Perkins High School is a public high school in Perkins Township, Ohio, near Sandusky. It is the only high school in the Perkins Local School District. They are known as the Pirates and school colors are black and white with an accent of red.

Ohio High School Athletic Association state championships

 Boys Football – 1999
 Boys Cross Country – 1987, 1988, 1989
 Boys Track and Field – 1984, 2008
 Girls Track and Field – 1993
 Girls Golf - 2012

Marching band
The Perkins Pirate Marching Band has had the honor of qualifying for the Ohio Music Education Association (OMEA) State Marching Band Finals every year since its creation in 1980 until 2016.

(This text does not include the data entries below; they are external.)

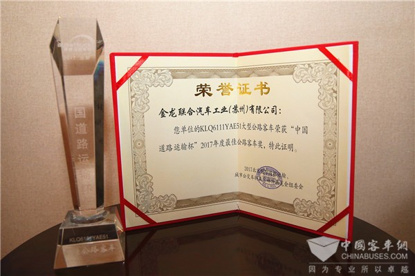 海格KLQ6111Y获2017年度最佳公路客车奖
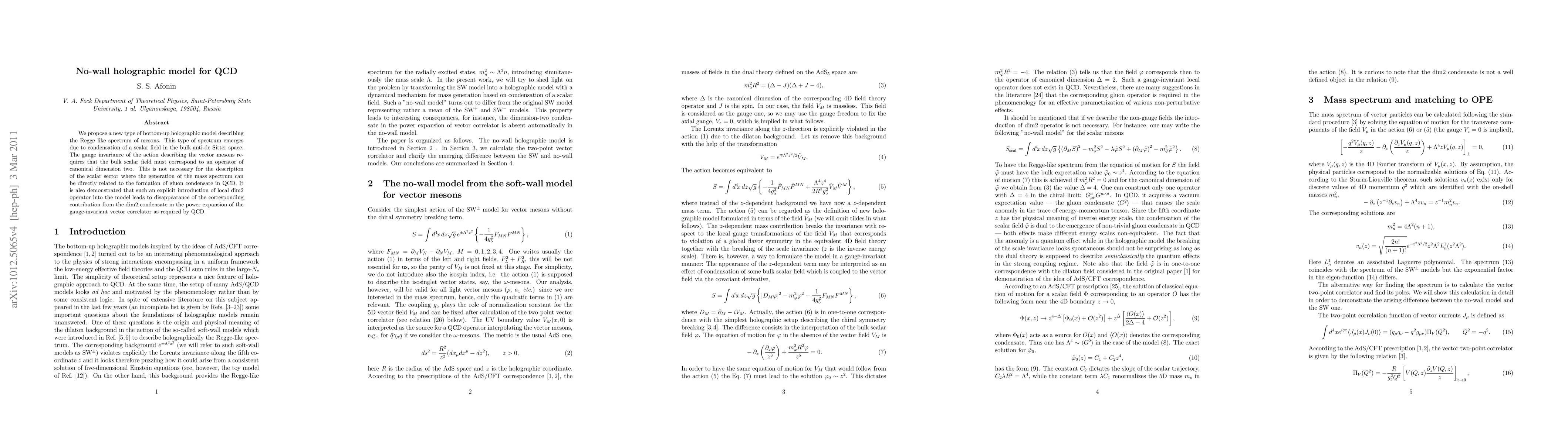 We propose a new type of bottom-up holographic model describing the Regge like spectrum of mesons. This type of spectrum emerges due to condensation of a scalar field in the bulk anti-de Sitter space. The gauge invariance of the action describing the vector mesons requires that the bulk scalar field must correspond to an operator of canonical dimension two. This is not necessary for the description of the scalar sector where the generation of the mass spectrum can be directly related to the formation of gluon condensate in QCD. It is also demonstrated that such an explicit introduction of local dim2 operator into the model leads to disappearance of the corresponding contribution from the dim2 condensate in the power expansion of the gauge-invariant vector correlator as required by QCD.
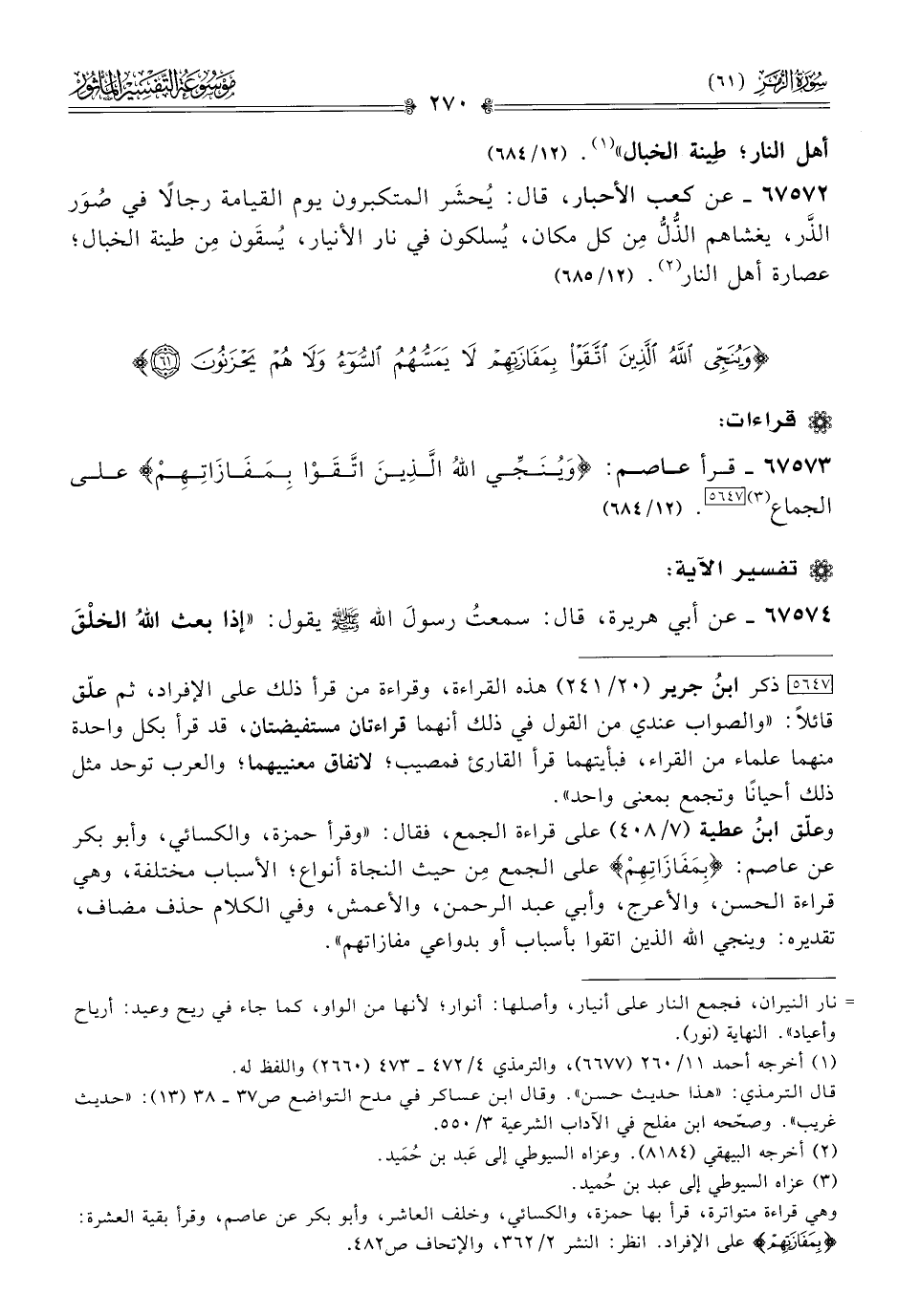 وعلّق ابنُ عطية (٧/ ٤٠٨) على قراءة الجمع، فقال: «وقرأ حمزة، والكسائي، وأبو بكر عن عاصم: «بِمَفازاتِهِمْ» على الجمع مِن حيث النجاة أنواع؛ الأسباب مختلفة، وهي قراءة الحسن، والأعرج، وأبي عبد الرحمن، والأعمش، وفي الكلام حذف مضاف، تقديره: وينجي الله الذين اتقوا بأسباب أو بدواعي مفازاتهم».

In 2012 the band received a Superior Rating (I) at the Maumee Marching Band Competition in Maumee, Ohio, the North Coast Marching Band Festival at Perkins High School, and the Swanton Bulldog Bowl in Swanton, Ohio. At the State Marching Band Finals in November, they received a Superior Rating (I). The director of the band is John Kustec.

The Perkins Pirate Band Program officially took the lead in 2006 for having the largest student-to-band member ratio in the state of Ohio, 188 students in band, with over one-third of the high school population involved in the band program.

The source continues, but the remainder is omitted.